Input: ([5, 5, 5], 6)

Expected Output: 1

Explanation: Equal weights; prefix=[5,10,15]; target 6 > 5 <= 10 so index 1.

Hints

Convert each weight into a cumulative range. Index i 'owns' the integers (P[i-1], P[i]].
With prefix sums sorted ascending, finding the owning index for a target is a classic lower-bound binary search: find the first prefix value that is >= target.
Be careful with the binary-search boundary: use a [lo, hi] window that converges to a single index, moving lo = mid+1 only when prefix[mid] < target.

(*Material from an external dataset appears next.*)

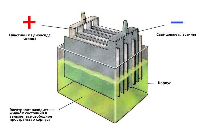 Чтобы понять, для чего нужен электролит, требуется знать, как вообще работает автомобильная АКБ. Внутри пластикового корпуса аккумулятора находятся 6 банок. В каждой из банок расположены по 2 пластины разной полярности:

Product of Array Except Self

Given an integer array `nums`, return an array `answer` such that `answer[i]` is equal to the product of all the elements of `nums` except `nums[i]`. The product of any prefix or suffix of `nums` is guaranteed to fit in a 32-bit integer. You must write an algorithm that runs in O(n) time and **without using the division operation** (so you cannot just compute the total product and divide it out — that also fails when zeros are present). Example: nums = [1, 2, 3, 4] answer = [24, 12, 8, 6] (24 = 2*3*4, 12 = 1*3*4, etc.) Example with a zero: nums = [-1, 1, 0, -3, 3] answer = [0, 0, 9, 0, 0]

Constraints

2 <= len(nums) <= 10^5
-30 <= nums[i] <= 30
The product of any prefix or suffix of nums fits in a 32-bit integer.

Examples

Input: ([1, 2, 3, 4],)

Expected Output: [24, 12, 8, 6]

Explanation: Standard case: 2*3*4=24, 1*3*4=12, 1*2*4=8, 1*2*3=6.

Input: ([-1, 1, 0, -3, 3],)

Expected Output: [0, 0, 9, 0, 0]

Explanation: Single zero: only the zero's own position gets a nonzero product (-1*1*-3*3=9); all others include the zero.

Input: ([2, 3],)

Expected Output: [3, 2]

Explanation: Two-element minimum: each gets the other.

Input: ([5],)

Expected Output: [1]

Explanation: Single element edge case: product of an empty set is 1.

Input: ([0, 0],)

Expected Output: [0, 0]

Explanation: Two zeros: every position still includes at least one zero, so all outputs are 0.

Input: ([1, 0],)

Expected Output: [0, 1]

Explanation: One zero: index 0 includes the zero (0); index 1 excludes it (1).

Input: ([-2, -3, -4],)

Expected Output: [12, 8, 6]

Explanation: All negatives: -3*-4=12, -2*-4=8, -2*-3=6.

Input: ([1, 1, 1, 1],)

Expected Output: [1, 1, 1, 1]

Explanation: All ones: every product is 1.

Hints

answer[i] = (product of everything to the left of i) * (product of everything to the right of i). Compute these two pieces separately.
First pass left-to-right: store in result[i] the running product of all elements strictly before i.
Second pass right-to-left: multiply result[i] by a running product of all elements strictly after i. This avoids division and naturally handles zeros.

Quick Overview

This question evaluates algorithm design and data-structure skills, focusing on weighted random selection and array aggregation for product computations within the Coding & Algorithms domain.